Mais forte ainda do que isso está a necessidade de sobrevivência. Lá entre nós, por exemplo, a população é carente. Nós temos um município, Melgas, com o IDH mais baixo do Brasil. E perto dele temos mais outros dois municípios que estão entre os dez mais pobres do Brasil. Mulheres, sobretudo mulheres, saem do Marajó para sobreviver, par anão passar fome. Depois, um lugar onde há muita injustiça, onde a distribuição desigual da renda é evidente e o desemprego estrutural é tão claro que um grande número de mulheres tem como motivação principal busca da sobrevivência e de promover-se na vida fugindo do inferno, que as vezes, é o Marajó.
Por outra parte, existe um grande número delas que sai e não são traficadas. Elas têm baixa educação, não tem preparação para a vida de quase nada e são culturalmente fechadas. Há, ainda, outras motivações que são: conhecer o mundo, o primeiro mundo, conhecer o que é ter um carro, ter uma casa.
E sobre a realidade das crianças? O tráfico e a prostituição infantil?
Sei que no Marajó eram, possivelmente continuam sendo traficadas meninas e meninos para a França por meio da Guiana Francesa para a venda de órgãos. Isso existia. Sobre o tráfico de crianças antes de nascer, eu conheço uma realidade que envolvem pessoas do Suriname. Elas vão ao Marajó para buscar mulheres saudáveis, bonitas, estabelecendo com elas até mesmo um contrato, com a condição que elas se deixem engravidar por homens que conhecerão em momento oportuno. Para isso, receberão uma taxa de 20 a 25 mil reais ou coisa semelhante. Assinados esses contratos, elas iam para o Suriname, e repito, talvez continuem indo, porque nossas autoridades são muito omissas. Lá no Suriname, essas mulheres se engravidam desses homens que são encaminhados por organizações internacionais. As crianças nascem e, por dois ou três anos, essas mulheres acompanham as crianças para cuidar e amamentar e depois elas têm que entregar os filhos sem saber o destino deles, sem saber nada.
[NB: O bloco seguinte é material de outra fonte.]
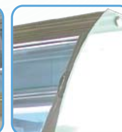
Detail : 3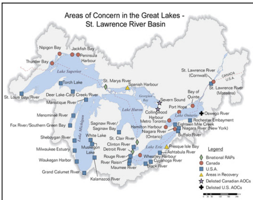
Figure 1.1: Geographic location of U.S. and Canadian AOCs

State or local sponsor commits 35 percent or more of the clean-up cost, the remaining amount (up to 65 percent) is provided in federal funds. The Legacy Act was reauthorized in 2008, extending funding through Fiscal Year (FY) 2010.

O senhor tem sido ameaçado de morte por fazer denúncias sobre estas situações. O senhor tem medo?
O medo tem me acompanhado durante anos. Às vezes, ao sair do meu quarto para me dirigir a capela, pensava que atrás da porta poderia estar o meu assassino. Durante meses, eu tive esse pensamento. No corredor entre o quarto e a capela tem uma sacada e eu pensava que naquela direção poderia ter um rifle apontado para mim. E, muitas vezes, andando pelo interior, muitas vezes, o pensamento da morte me acompanha.
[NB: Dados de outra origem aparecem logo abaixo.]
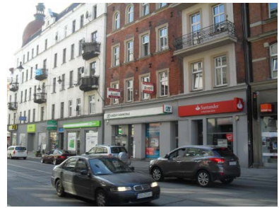
Fig.3. Banks on the Zwycięstwa str.

Recently, in the heart of the city there has appeared a huge gap-breach between buildings caused by constructing the fast traffic line DTŚ. It intersects Zwycięstwa Street near the railway station, breaks into the main axis – the city's backbone, destroys urban structures formed throughout the centuries, changes substantially the city's image. Such solutions are necessary for the region's functioning and creating its modern image, but unfortunately they destroy a part of the landscape shaped historically. Thus, valuable buildings and urban complexes, which guarantee the city's historical continuity, disappear. Such a view is one of examples of Polish cities which die in front of our eyes.

Creio que é um pensamento salutar porque, no meu caso, o medo não criou um sentimento de angústia e de ansiedade. Deus me deu a paz suficiente para enfrentar com reflexão e com sinceridade também a situação em que me encontrava. Entrando por mares e rios, num barco de uma paróquia, é possível que uma lancha rápida com uma metralhadora possa terminar conosco. Em menos de dois minutos, podem matar nós todos.
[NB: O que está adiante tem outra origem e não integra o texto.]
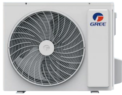
Crossover condensing unit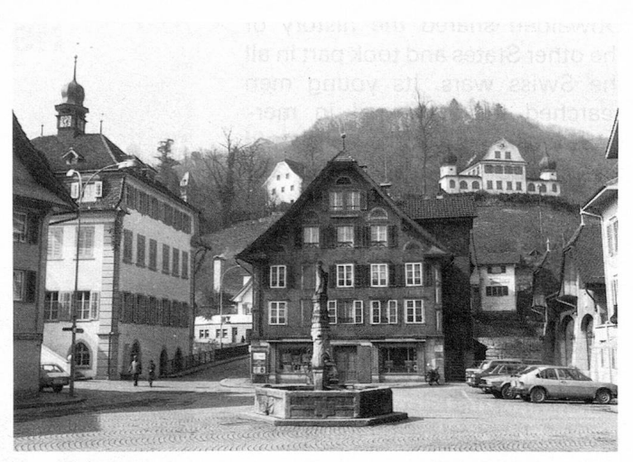
A square in the old Sarnen; on the left the town hall; the old shooting stand on the Landenberg hill.

Eu tenho dito e dei este testemunho em Roma diante de mil sacerdotes em um retiro espiritual em São João de Latrão: “irmãos, não tenham medo. A Igreja está sendo chamada para o martírio, como nos tinha falado um bispo da Síria onde mulheres e homens tinham sido crucificados, adolescentes decapitados por não renegarem a fé em Cristo. E é Cristo que nos está chamando para dar esse mesmo testemunho com a nossa vida. E nós, que somos os pastores, devemos ir na frente. Não tenham medo. Aqui vos fala alguém que é um covarde, que sou eu, mas que sabe que o Espírito Santo dá a força, a fortaleza e a coragem para enfrentar a morte. Olhar nos olhos da morte e detrás deles ver o Ressuscitado. Para isso, tive que rezar porque considero que se alguém quer realmente encontrar paz em entregar-se à morte por Cristo e pelos irmãos, ele tem que rezar. Até que Deus ouviu, ouviu a minha oração e me deu essa paz fundamental para dizer: Senhor, aqui estou e estou disposto a morrer por Ele, pelo Evangelho. E, na verdade, para mim, hoje, e desde que Deus me deu esta convicção da possibilidade de poder morrer pelo Evangelho e pelos irmãos sinto que esta seria a melhor, mais alegre e plenificante saída desde mundo para minha vida humana, religiosa e episcopal.